# [Work request]
Exactly as written, transcribe the data from its opening line through the line containing "Maximize organization and". Leave every picture out.

Source data
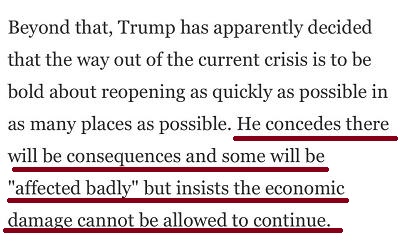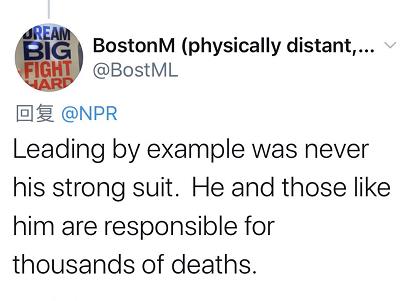 他承认复工会有后果,一些人会受到严重影响,但他坚持认为,不能让经济损失继续下去。他认为不戴口罩能让美国人对经济充满信心。
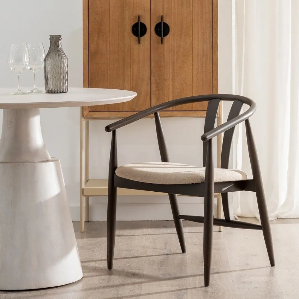 IXIA Sillas De Madera^Silla De Madera Negra Asiento Beige 56,5 X 76 X 57 Cm
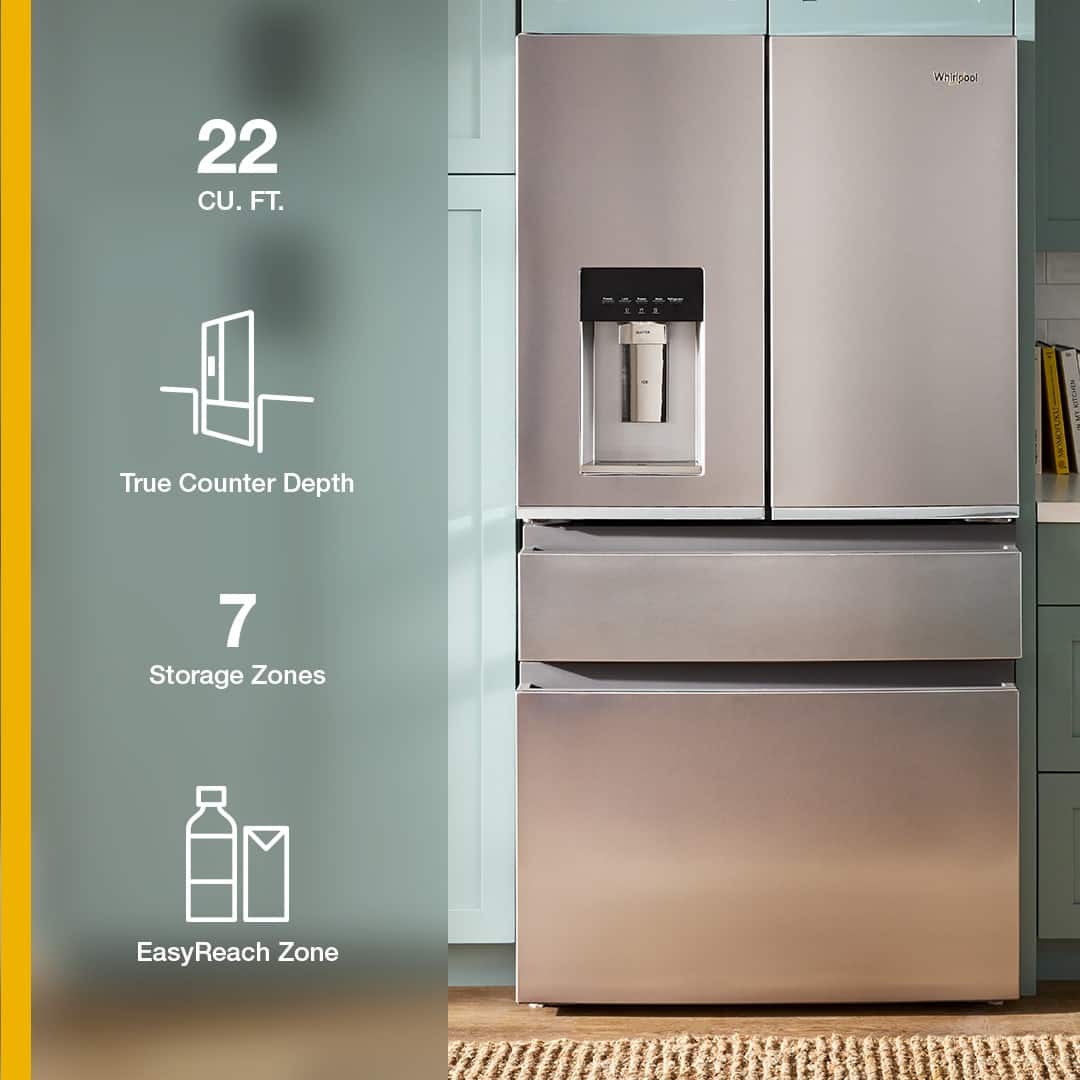 Maximize organization and minimize clutter with 7 organizational zones in this large capacity Whirlpool True Counter Depth French Door Refrigerator. Fill up quick with In-Door Filtered Water Dispenser & Ice Maker. Organize and access tall items like milk, juice and soda with EasyReach Zone, and See & store oversized produce with stacked EasyView Drawers.
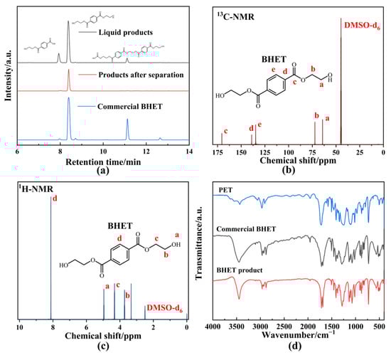 Product distribution for the optimal experiment is shown in Figure 5a. Three main product peaks were identified in the unseparated liquid products, with retention time (RT) corresponding to mono(2-hydroxyethyl) terephthalate (MHET, 7.933 min, Figure S3), BHET (8.373 min), and acidic substances (11.320 min), confirmed through High-performance liquid chromatography–electrospray ionization–quadrupole time of flight/mass spectrometry (HPLC-ESI-QTOF/MS) analysis. After condensation–crystallization, only a single chromatographic peak (RT = 8.373 min) appeared, indicating the successful separation of BHET from the mixture (Figure S4). Compared to the HPLC chromatogram of commercial BHET, no oligomers were detected in the separated BHET. To further confirm the purity of the BHET product and eliminate the matrix effect, additional characterizations were performed. The 13C-NMR (Figure 5b), 1H-NMR (Figure 5c), and FTIR (Figure 5d) spectra of the BHET product were consistent with the standard BHET. Therefore, the retention time of 8.373 min in the HPLC chromatogram confirmed that the product was BHET with a high purity level. The XRD spectrum (Figure S5) of the BHET product displayed sharper and narrower diffraction peaks compared to PET, indicating that the crystallinity of the product had increased, which was indicative of successful depolymerization. Although the BHET yield of BPAS was lower than that of other heavy metal catalysts [45] or co-solvents [24], the use of waste and green reagents in this system allowed for depolymerization performance comparable to Zn(OAc)2, demonstrating the potential for a more environmentally friendly approach to PET glycolysis.
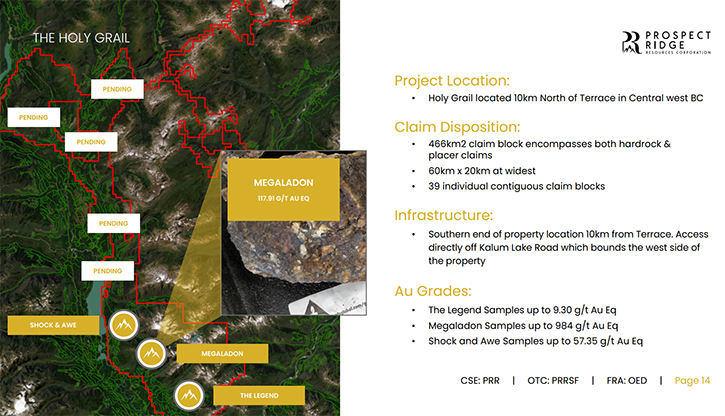 There are also a few other zones on the Knauss Creek property that are showing high grades of gold in grams per ton. We have a whole bunch more results pending, which we are expecting to also be producing high-grades of gold in grams per ton. Another thing to understand, about Knauss Creek, is that it's also, despite being greatly wilderness, very highly accessible, just like the Holy Grail, with logging roads and easy access in and out, with a helicopter.
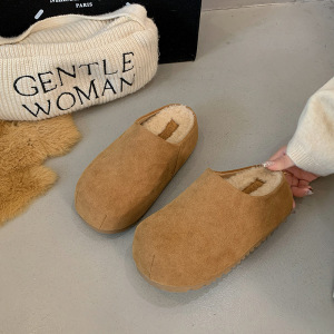 休闲加绒懒人外穿勃肯半拖鞋女2025秋季新款厚底包头一脚蹬棉拖鞋
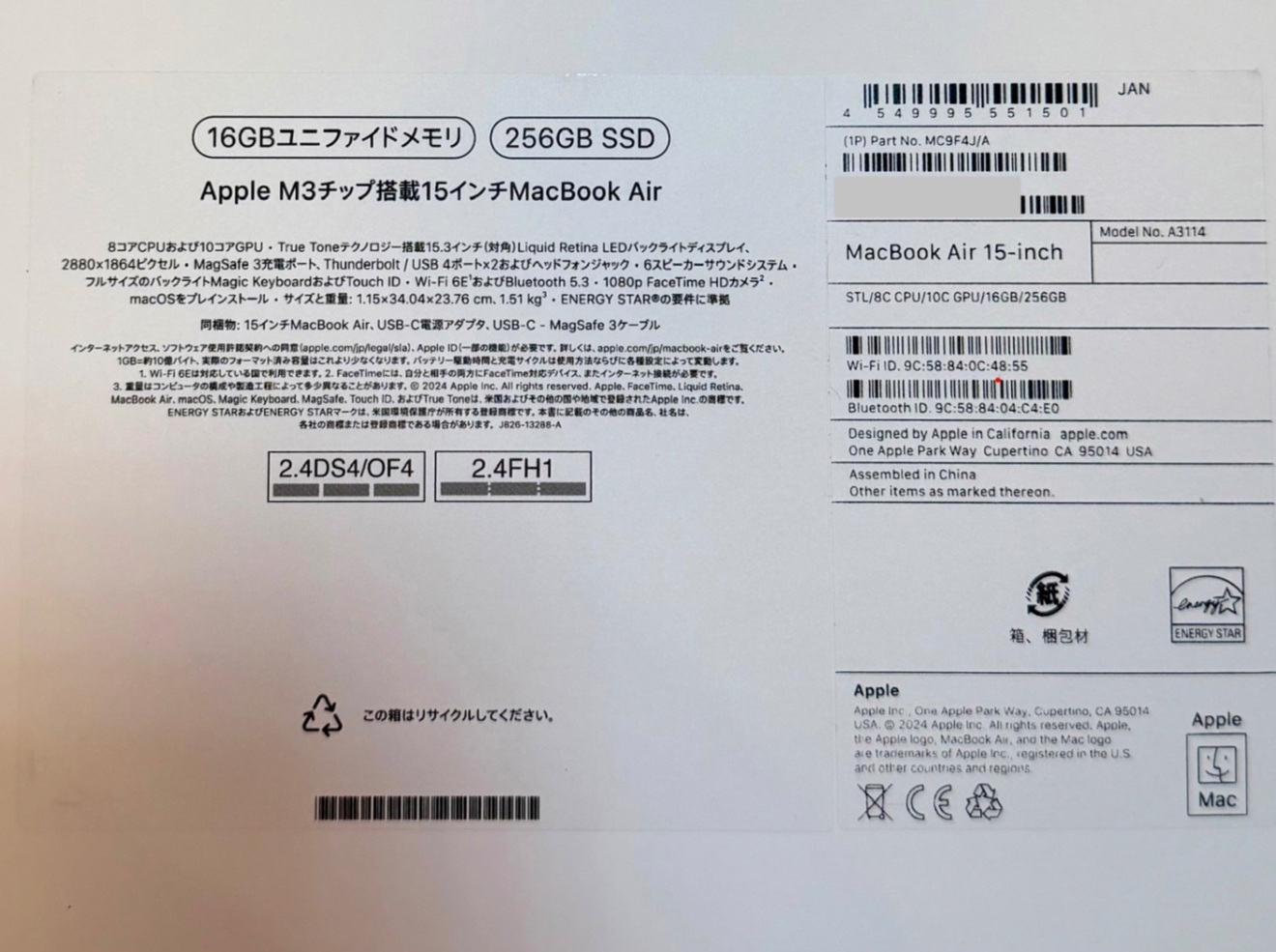 M3 MacBook Air(15.3インチ・スターライト)です。
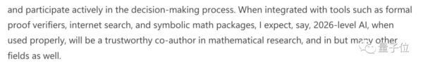 当与正式证明验证器、互联网搜索和符号数学软件包等工具整合时,我预计,例如2026年水平的AI(如果使用得当)将成为数学研究领域以及许多其他领域值得信赖的合作者。
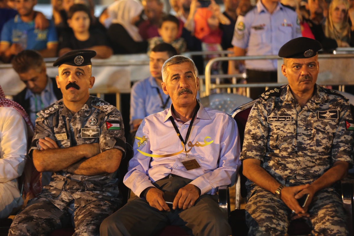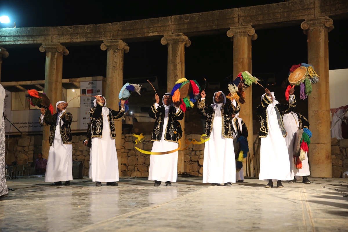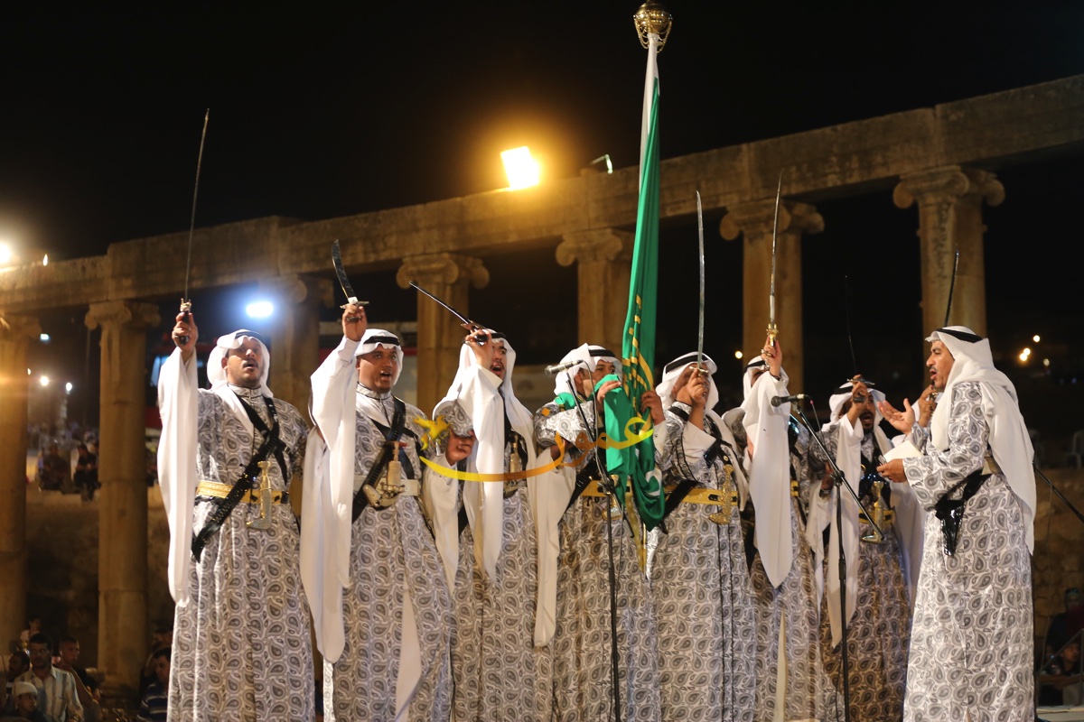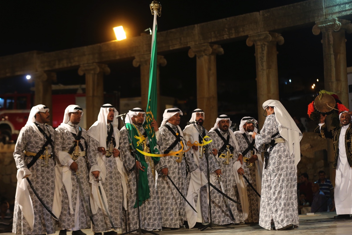 الفرقة التي شهدت حضورا كبيرا من الجمهور المحلي والعربي والاجنبي، وشاركها في احدى فقراتها محافظ جرش الدكتور رائد العدوان والملحق الثقافي السعودي في عمان راشد بن عبدالله النابت بالسيوف، أداء العرضة إلى جانب مجموعة المنشدين الـ 7 على الجهة اليسرى من الجمهور حيث يتوسطهم حامل الراية "البيرق" علم المملكة
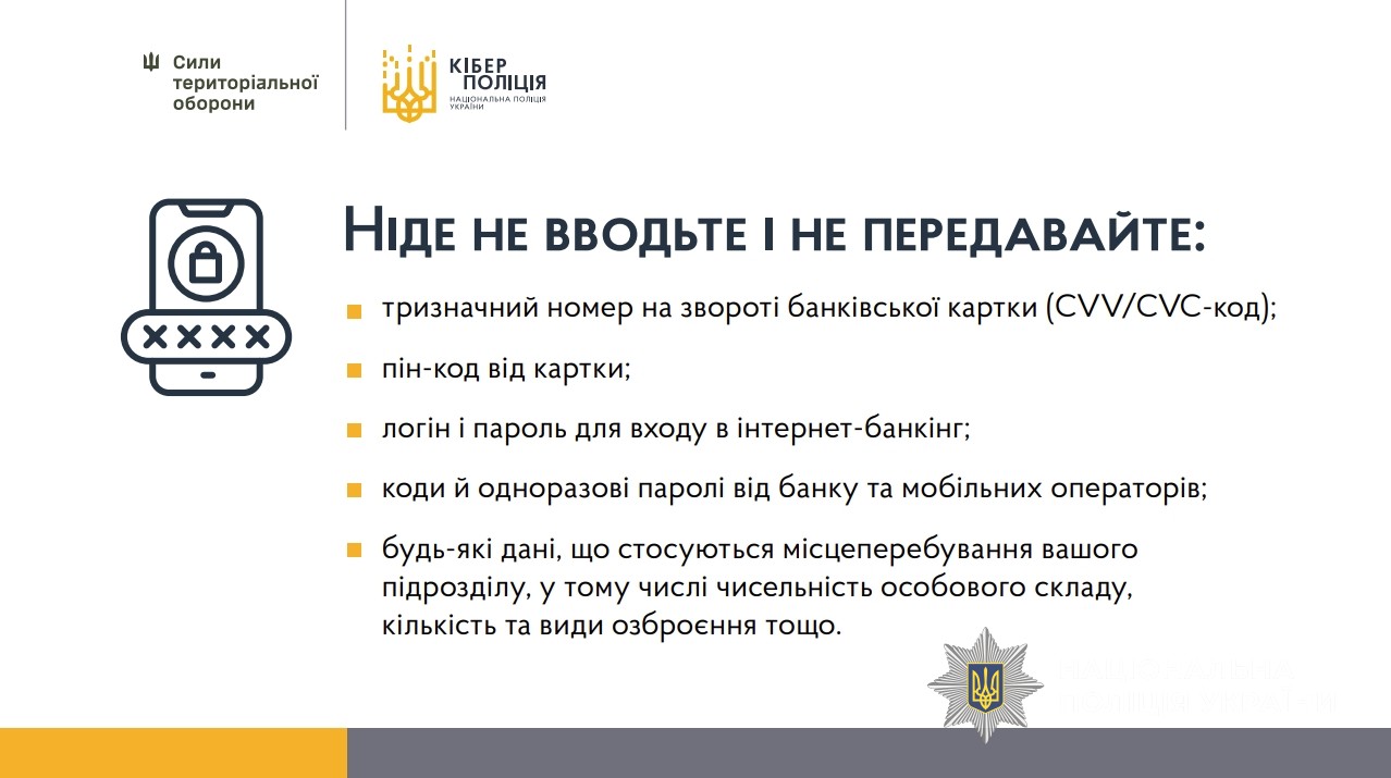 Для уникнення таких загроз не передавайте стороннім особам та не вводьте у різноманітних анкетах:
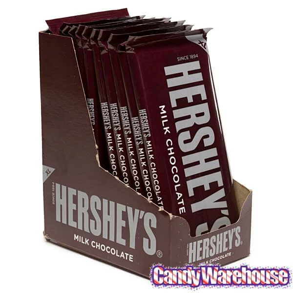 Display box contains 12 massive Hershey’s Milk Chocolate Candy Bars, each with a net weight of 4.4 ounces.

# [Written solution]
 他承认复工会有后果,一些人会受到严重影响,但他坚持认为,不能让经济损失继续下去。他认为不戴口罩能让美国人对经济充满信心。
 IXIA Sillas De Madera^Silla De Madera Negra Asiento Beige 56,5 X 76 X 57 Cm
 Maximize organization and minimize clutter with 7 organizational zones in this large capacity Whirlpool True Counter Depth French Door Refrigerator. Fill up quick with In-Door Filtered Water Dispenser & Ice Maker. Organize and access tall items like milk, juice and soda with EasyReach Zone, and See & store oversized produce with stacked EasyView Drawers.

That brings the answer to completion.